Nacido en Logrosán (Cáceres)
Para situar la figura de Roso de Luna en la historia del pensamiento español hay que tener presentes varias líneas posibles a la hora de interpretar su voluminosa obra.
Una de ellas sería el espiritualismo no confesional cuyo cultivo siempre fue raro en una España dominada por el más arcaico de los clericalismo. Otra estaría situada en torno a la superación de la corriente positivista europea del siglo XIX. Corriente que en nuestro país apenas rompía entonces los moldes del dogmatismo social y cultural con la ayuda prestada por destacados intelectuales a distintos gobiernos republicanos, y cuyo esfuerzo les hizo ciegos a un panorama conceptual menos mecanicista que aparece cuando el progreso deja de entenderse como réplica a una sociedad teocrática y medieval.

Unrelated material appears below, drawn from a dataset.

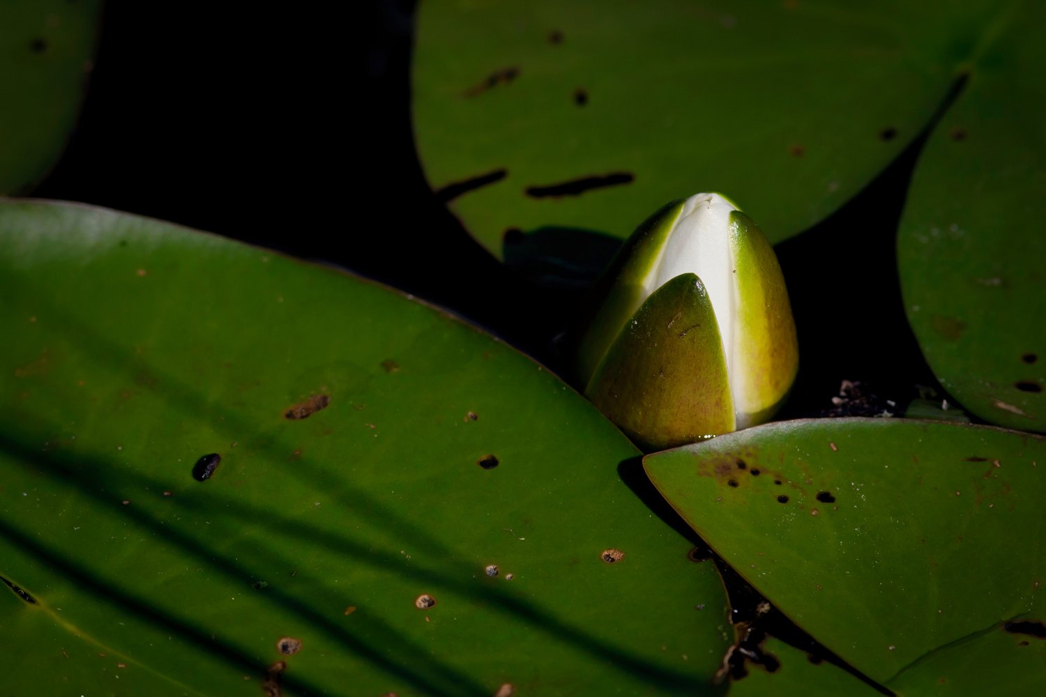 White waterlily (Nymphaea alba) blooms on the lake. The flower is just beginning to open.

Una tercera línea de interpretación vendría dada por su iniciación en el Gran Oriente Español en enero de 1917 en Sevilla y, quince años antes, a la entonces bastante conocida Sociedad Teosófica, muy extendida a pesar de los escándalos que desde un principio rodearon a su enigmática fundadora, la rusa H. P. Blavatsky. En particular sería del mayor interés contemplar el intento rosoluniano de presentar lo que genéricamente podemos denominar ocultismo o esoterismo desde esta perspectiva teosófica que no coincide con la del espiritismo de la época ni tampoco, a pesar de su parecido ritual e ideológico, con la de ninguna religión concreta.
Por otra parte, en su tiempo la masonería estaba demasiado ocupada en cuestiones sociales y políticas para potenciar esta dimensión espiritualista que él hará explícita al considerar la masonería como envolvente activo del núcleo iniciático de la misma que, según él, no es más que la teosofía tradicional, enfrentándose con frecuencia por ello a otros que tenían una visión más pragmática y coyuntural.
Cabría finalmente una lectura de la obra rosoluniana desde la crítica literaria del modernismo de fin de siglo y las modas orientalistas de muchos intelectuales españoles y europeos que confundieron con frecuencia la absenta, un quimono o un paisaje egipcio con el aliento de una doctrina tradicional.
Por ello resultaría curioso ver sus opiniones sobre diversos temas de actualidad -estamos de nuevo en un fin de siglo- pues nos sorprenderían por su congruencia y, desde luego, porque nos catapultan a una concepción de la vida donde el materialismo, el imperialismo y, en suma, el egoísmo, desaparecerían a favor de un reto personal a desbrozar el propio sendero, hacer camino al andar como decía el poeta, pues, según Roso, regeneración espiritual e iniciación son términos sinónimos.
Si nos preguntamos por las causas de que haya sido silenciado y marginado habría que decir que fue consciente desde muy joven que elegía el camino difícil y que en más de una ocasión iba a lamentar públicamente la falta de compensación que tuvieron sus acciones tanto como escritor como en cuanto astrónomo o arqueólogo, no digamos las dimanantes de su pertenencia a la sociedad teosófica y a la masonería. Al morir le pidió a su hijo que devolviera al Estado 300 pesetas que en 1912 le diera Ramón y Cajal desde la Junta para Ampliación de Estudios para llevar a cabo investigaciones astronómicas en El Bierzo. Esa cifra recogía el total de su débito con un país que en las Actas del mismo Parlamento dejó constancia del compromiso de compensar al sabio extremeño que tanta gloria había aportado a la ciencia patria y tópicos por el estilo.
En este punto habría que señalar alguna otra palabra que define a grupos y personas directamente enfrentados con el talante científico y no materialista que Roso representaba: Tradicionalismo clerical, tanto el popular y mamporrero como el jesuítico -en esto coincide con algunos del 98- y lo que entonces y ahora se llama “politiquerías” y contubernios varios.
Sus propuestas están muy lejos de cualquier suerte de doctrina con su jerarquía y sus administradores, sus sacerdotes y su feligresía, porque siempre mantuvo encendida la llama del librepensamiento ayudado por cierta sensibilidad al mundo de los sentimientos (la familia, por ejemplo) y del arte. "Jamás estamos, dice Roso en un artículo de 1921, absolutamente bueno ni completamente lúcidos" y por eso es preciso poner freno a quienes se consideren con cualquier clase de verdad absolutamente válida para todos. Este freno no es otro que el marcado por los derechos civiles orientados a las más altas cotas de libertad y de justicia.